Handling Embedding Service Outages

Hybrid retrieval is designed fail-closed: when the embedding service goes away, the system reverts to BM25 with no user-visible error and no service interruption. The trade-off is a quality drop that agents need to detect.

When to use this runbook

When retrieval is misbehaving and you suspect (or want to confirm) it's the embedding side.

Context

HybridSearchService.rerank() is the integration point. It calls the embedding service for each query, fuses dense scores with BM25 via Reciprocal Rank Fusion (k=60), and returns the merged result list. When the embedding call throws, the dense list is treated as empty and RRF reduces to BM25 ranks.
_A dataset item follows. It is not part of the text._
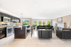 Nestled at the end of a quiet cul-de-sac, this executive residence offers over 6,100 sq. ft. of luxurious living across three levels. Designed with 8 bedrooms and 8 bathrooms, it features a grand double-height foyer, entertainment-sized living room, and a gourmet kitchen with granite counters, premium appliances, and a wok kitchen. The main level includes a guest ensuite, while upstairs offers four bedrooms including a spa-inspired primary suite with walk-in closet. The lower level, with separate entrance, provides 3 bedrooms, 3 bathrooms, a full kitchen, and recreation room—ideal for multi-generational living. Situated on a 13,800 sq. ft. lot with private terraces and a triple-car garage, this home is walking distance to top schools and shopping.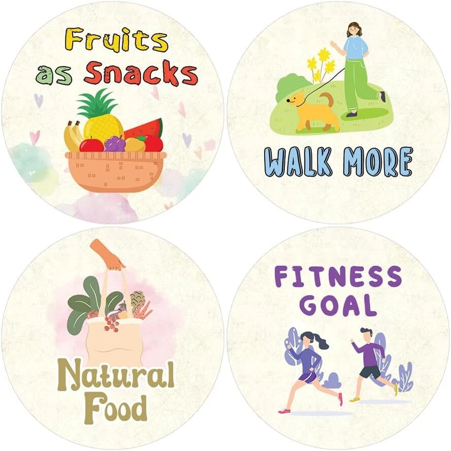 16 UNIQUE DESIGNS INSPIRING STICKERS FOR YOUR DIY PERSONALIZED DECORATIONS - Creanoso Healthy Diet Stickers (20-Sheets). These colorful and uniquely inspiring round shaped stickers are the best tool for DIY decoration and personalization of your belongings. GREAT STOCKING STUFFERS , TEACHING SUPPLEMENTARY MATERIALS, AND GIVEAWAY - Great stocking stuffers gifts for Boys, Girls, Teens, Kids. A perfect design to give during classroom school activities, home schooling,birthdays, anniversaries, family day, and any other special occasions. MADE WITH DURABLE AND WATERPROOF MATERIALS - There is a lamination or coating to make the stickers high water resistant, and WILL NOT not fade from the water. The stickers can stick it anywhere you like, and it sticks there and lasts a long time. A COLORFUL AND DECOR STICKER DECAL - Each sheet with 16 individual round stickers. There are 20 sheets , with a total of 320 pcs of stickers. TICKER SIZE: 1.5 INCHES IN DIAMETER Healthy Diet Stickers (20 Sets X 16 Designs) COLORFUL AND COLLECTION OF TEXT STICKERS • Well designed. • Very encouraging. • Self-adhesive. Healthy Diet Stickers (20 Sets X 16 Designs) are super fun to collect; you can't have just one! That's why you will find a selection of stickers right here. Each package comes with different stickers in a variety of designs. Stick them here, stick them there, stick them everywhere! Everyone will love these self-adhesive stickers. These colorful stickers are perfect for any adults and these come with very inspiring messages and bright pictures. A fun, inexpensive way to add a decorative, notes, and stationery. Delight yourself with uplifting messages designs that are very encouraging. Healthy Diet Stickers (20 Sets X 16 Designs) perfect for giveaways, behavior incentives, prizes! These stickers are acid-free, nontoxic, and safe for use on photos. This product comes with a 60 days money back guarantee. You can return them to us for a full refund.

The local default embedding service is Ollama running nomic-embed-v1.5 on port 11434. Misbehaviour usually traces to (a) the Ollama process crashed, (b) the model wasn't loaded, or (c) GPU/memory pressure delaying inference.

Walkthrough

The frontmatter steps are the canonical diagnostic sequence: confirm Ollama, restart if needed, look at logs, broaden the query while in fallback, check metrics.

Pitfalls

The frontmatter pitfalls capture the failure modes. The "BM25 fallback is a defect" misreading is the most common — it's a feature, and chasing it as a bug wastes time.